星に願う事をやめた日。
多分速攻で読み終わっちゃいます。
「どうかされたんですか?」
川辺に佇む影に、問うた。
「星が、綺麗だったので」
影が、答えた。あまりに透き通った声だったので、少しだけ驚いてしまう。
影ーー今時珍しく、着物を着ている女は、こちらを見向きもしない。ただ、顔が見えずとも後姿だけで、美しい、と思える程に、その姿は神秘的であった。
その後姿は、只々、空を見上げて。
つられて見上げてみて、息を呑む。
そこには、何故今まで気付かなかったのか、と本気で自分を叩きたくなる程美しい、満天の星空が無限に広がっていた。
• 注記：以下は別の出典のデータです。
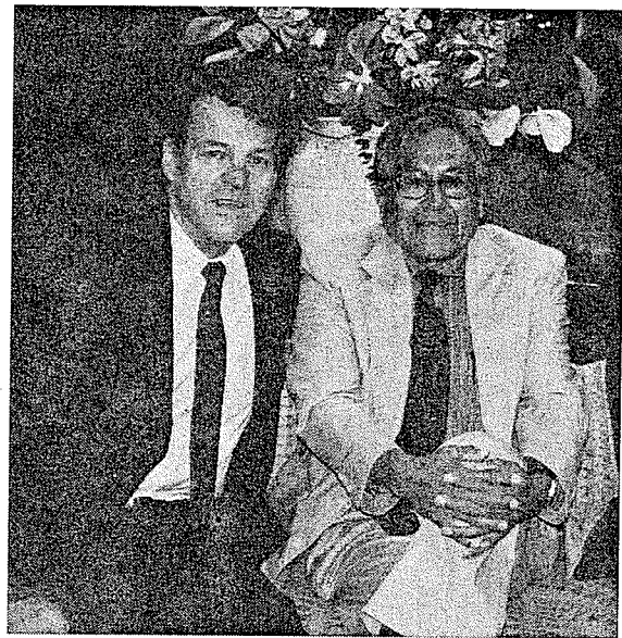
Advisory Committee members

都心に比較的近いこの地域でも、こんな物がまだ見られたのか。
「本当に……綺麗ですね。何故僕は気付かなかったのでしょう」
女に語りかけるような、独り言のような、自分でもよくわからないが、感嘆の溜息と共にそう零す。
すると、それを独り言と捉えなかった彼女は、またもあの小鳥のさえずりに似た美声を返した。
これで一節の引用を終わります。